## What is required
Return exactly the span of lines in the following data that opens with the line containing "Zestaw Evi Love" and closes with the line containing "ASSOCIATION OF BUILDERS". Include nothing else.

## Input data
=-=-=

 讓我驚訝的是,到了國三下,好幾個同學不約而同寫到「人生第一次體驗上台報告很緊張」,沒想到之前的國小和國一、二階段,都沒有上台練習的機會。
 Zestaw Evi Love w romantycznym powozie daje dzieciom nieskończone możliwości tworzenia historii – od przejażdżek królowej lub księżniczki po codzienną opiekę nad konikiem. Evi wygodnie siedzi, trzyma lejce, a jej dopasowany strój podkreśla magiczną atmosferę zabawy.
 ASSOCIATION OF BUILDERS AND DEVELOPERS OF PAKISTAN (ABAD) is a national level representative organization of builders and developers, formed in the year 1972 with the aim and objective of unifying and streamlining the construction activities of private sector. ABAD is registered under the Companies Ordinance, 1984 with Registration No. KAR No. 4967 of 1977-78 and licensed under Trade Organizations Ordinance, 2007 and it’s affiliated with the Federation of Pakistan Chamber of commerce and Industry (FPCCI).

=-=-=

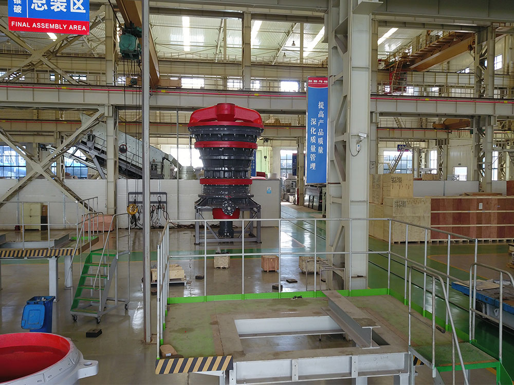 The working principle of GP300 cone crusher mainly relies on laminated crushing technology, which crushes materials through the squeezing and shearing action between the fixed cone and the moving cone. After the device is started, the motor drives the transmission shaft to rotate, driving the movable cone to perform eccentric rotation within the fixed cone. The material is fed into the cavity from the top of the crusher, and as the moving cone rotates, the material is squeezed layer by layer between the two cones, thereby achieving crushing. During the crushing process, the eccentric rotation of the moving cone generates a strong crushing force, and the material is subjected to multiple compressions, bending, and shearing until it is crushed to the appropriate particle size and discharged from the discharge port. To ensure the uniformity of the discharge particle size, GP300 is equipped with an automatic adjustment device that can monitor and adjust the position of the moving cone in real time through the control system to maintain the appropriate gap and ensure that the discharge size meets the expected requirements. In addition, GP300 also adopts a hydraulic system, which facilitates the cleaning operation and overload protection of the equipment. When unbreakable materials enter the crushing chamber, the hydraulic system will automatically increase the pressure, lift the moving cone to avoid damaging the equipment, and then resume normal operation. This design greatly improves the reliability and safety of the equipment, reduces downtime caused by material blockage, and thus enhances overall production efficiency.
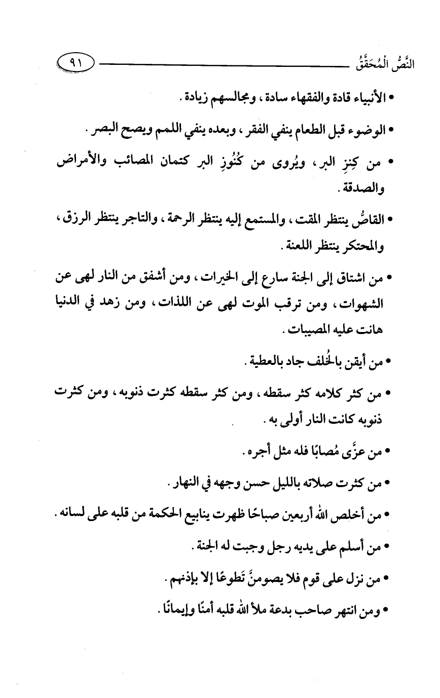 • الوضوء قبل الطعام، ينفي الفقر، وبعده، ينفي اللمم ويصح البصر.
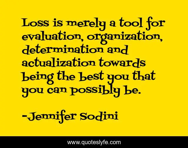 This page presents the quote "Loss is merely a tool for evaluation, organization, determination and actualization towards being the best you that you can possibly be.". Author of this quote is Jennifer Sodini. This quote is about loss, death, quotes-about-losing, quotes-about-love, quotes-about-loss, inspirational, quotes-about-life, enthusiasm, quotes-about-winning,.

=-=-=

## Reply to the task
 Zestaw Evi Love w romantycznym powozie daje dzieciom nieskończone możliwości tworzenia historii – od przejażdżek królowej lub księżniczki po codzienną opiekę nad konikiem. Evi wygodnie siedzi, trzyma lejce, a jej dopasowany strój podkreśla magiczną atmosferę zabawy.
 ASSOCIATION OF BUILDERS AND DEVELOPERS OF PAKISTAN (ABAD) is a national level representative organization of builders and developers, formed in the year 1972 with the aim and objective of unifying and streamlining the construction activities of private sector. ABAD is registered under the Companies Ordinance, 1984 with Registration No. KAR No. 4967 of 1977-78 and licensed under Trade Organizations Ordinance, 2007 and it’s affiliated with the Federation of Pakistan Chamber of commerce and Industry (FPCCI).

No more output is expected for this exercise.